End-to-end verification (post-build)

Four layers: build log, syntactic validity, asar markers, runtime.

  1. Check the patch-count line:

    ./build.sh --build appimage --clean no 2>&1 | tee build.log
    grep -E 'Applied [0-9]+ cowork patches' build.log
    

    Healthy 1.5354.0 build: Applied 12 cowork patches. A lower number, or any WARNING: in the cowork section, is a half-patched asar.

  2. node --check on the patched index.js — catches malformed replacements that serialize but don't parse (PR #436 used this in dry-run validation):

    node --check test-build/.../app.asar.contents/.vite/build/index.js
    
  3. Static-grep the shipped asar for the 9 cowork markers from PR #555. scripts/verify-patches.sh automates this (issue #559 D6) and runs in CI on every amd64-deb build via the Verify cowork patches in shipped asar step in .github/workflows/build-amd64.yml. Reusable for non-cowork patch sets — pass any same-shape TSV as the second arg.

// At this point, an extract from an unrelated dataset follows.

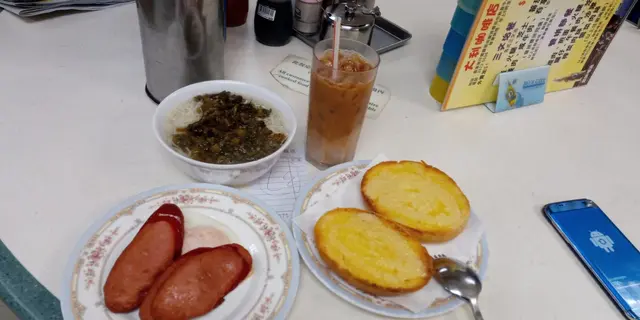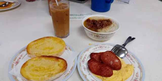 返工前先去吃早餐叫返一個沙嗲牛肉米粉,腸仔炒蛋,仲有多士,加多一杯凍冷茶多士加上奶甜甜地,非常好食,都好脆口沙嗲牛肉米粉味道可以凍奶茶味道不錯,茶味夠,茶香蛋煎得不錯不過蛋味不足,腸仔都好香口查看更多

  4. Launch the AppImage and check runtime state:

    tail -20 ~/.config/Claude/logs/cowork_vm_daemon.log
    ls -la "${XDG_RUNTIME_DIR}/cowork-vm-service.sock"
    ss -lpx | grep cowork-vm-service.sock
    

    Daemon log should have lifecycle startup and lifecycle listening; socket should exist and be owned by the cowork-vm-service.js process listed by ss.

Cross-references

  • tray-rebuild-race.md "Resilience to minifier churn" — prior art for dynamic extraction across a six-variable patch site and the post-rename idempotency-guard pattern.
  • plugin-install.md "Getting the Minified Source for Any Shipped Version" — the reference-source.tar.gz release asset gives beautified asar contents of any prior version for diffing. Useful for spotting when an identifier renamed and which version did it.